The molded product thus obtained has excellent flexibility, high mechanical strength, and even in the form of a membrane or film, it is tough and resistant to breakage - it also has considerable elongation, and also has silk fibroin's inherent enzyme fixation ability. It has oxygen permeability, selective ion permeability and adsorptivity, and also exhibits good biocompatibility, is stable in the pH range of 2 to 11, and has excellent light resistance, making it similar to silk fibroin single molded products. It has various advantages in that it does not easily cause yellowing. In particular, PvA
The mixture of fibroin and silk fibroin swells with water, but
Since the degree of expansion is constant and does not depend on the temperature of the water,
It is also highly suitable for applications that require dimensional stability and applications that dislike fluctuations in activity due to temperature.

従って、膜ないしフィルム形態の成形物として酵素固定
膜、透析膜の如き選択的イオン透過膜、各種分離膜、ソ
フトコンタクトレンズ材料、人工血管、人工皮膚、人工
角膜の如き生体適合性膜、医薬カプセル等の医用および
生化学的分野を始めとする種々の材料に利用でき、また
ビーズ状や種々の形態の成形物、さらには粉体として使
用する場合の原料となる成形物として脱塩処理剤、廃液
処理剤、生化学反応用担体等への応用も期待できる。
Therefore, molded products in membrane or film form include enzyme-immobilized membranes, selective ion permeable membranes such as dialysis membranes, various separation membranes, soft contact lens materials, biocompatible membranes such as artificial blood vessels, artificial skin, and artificial corneas, and pharmaceutical capsules. It can be used for various materials such as medical and biochemical fields, and can also be used as a desalting treatment agent, as a raw material when used as beads, molded products in various forms, and powder. It can also be expected to be applied as a waste liquid treatment agent, a carrier for biochemical reactions, etc.

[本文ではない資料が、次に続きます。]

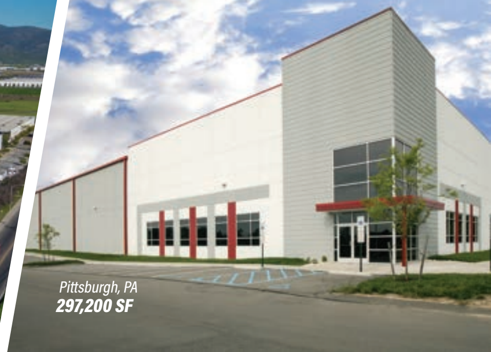
Pittsburgh, PA 297,200 SF

実施例 以下、この発明を実施例によって具体的に説明する。Example Hereinafter, the present invention will be specifically explained with reference to Examples.

実施例1 家蚕のまゆを原料として、マルセール石鹸でセリシンを
除去し、得られた乾燥絹糸0.429を9.3モル濃度
の臭化リチウム水溶液中に浸漬して湯浴を用いて溶解さ
せた後、遠心分離し、得られた溶液をセロファンチュー
ブにて2日間透析して臭化リチウムを除去し、濃度1゜
397/dΩのシルクフィブロイン水溶液を調製した。
Example 1 Using the cocoon of domestic silkworm as a raw material, sericin was removed with Marselle soap, and the obtained dried silk thread 0.429 was immersed in a 9.3 molar lithium bromide aqueous solution and dissolved using a hot water bath. Thereafter, the solution was centrifuged, and the resulting solution was dialyzed for 2 days in a cellophane tube to remove lithium bromide, thereby preparing an aqueous silk fibroin solution with a concentration of 1°397/dΩ.

次に、この水溶液に、トリフルオロ酢酸ビニルから誘導
された5−PVA(121合度2720、シンジオタク
トのダイアド含量55%)を水と共にオートクレーブ中
で約130℃に加熱して得られた濃度1.49g/ d
Qのs −PVA水溶液を、シルクフィブロイン/PV
Aの重量比(固形分換算)が1/1となるように室温下
で混合し、得られた混合液をガラス板の予めシリコーン
オイルが塗工されている表面に乾燥膜厚がlOμm程度
になるように流延して成膜し、この乾燥後の膜をガラス
板から剥離してシルクフィブロイン−PVA混合膜を作
製した。
Next, 5-PVA derived from vinyl trifluoroacetate (121 degree 2720, syndiotact dyad content 55%) was added to this aqueous solution and heated to about 130°C in an autoclave with water to obtain a concentration of 1. .49g/d
Q's-PVA aqueous solution was mixed with silk fibroin/PV
A is mixed at room temperature so that the weight ratio (solid content) is 1/1, and the resulting mixture is applied to the surface of a glass plate that has been coated with silicone oil in advance to a dry film thickness of about 10 μm. A silk fibroin-PVA mixed film was prepared by peeling the dried film from the glass plate.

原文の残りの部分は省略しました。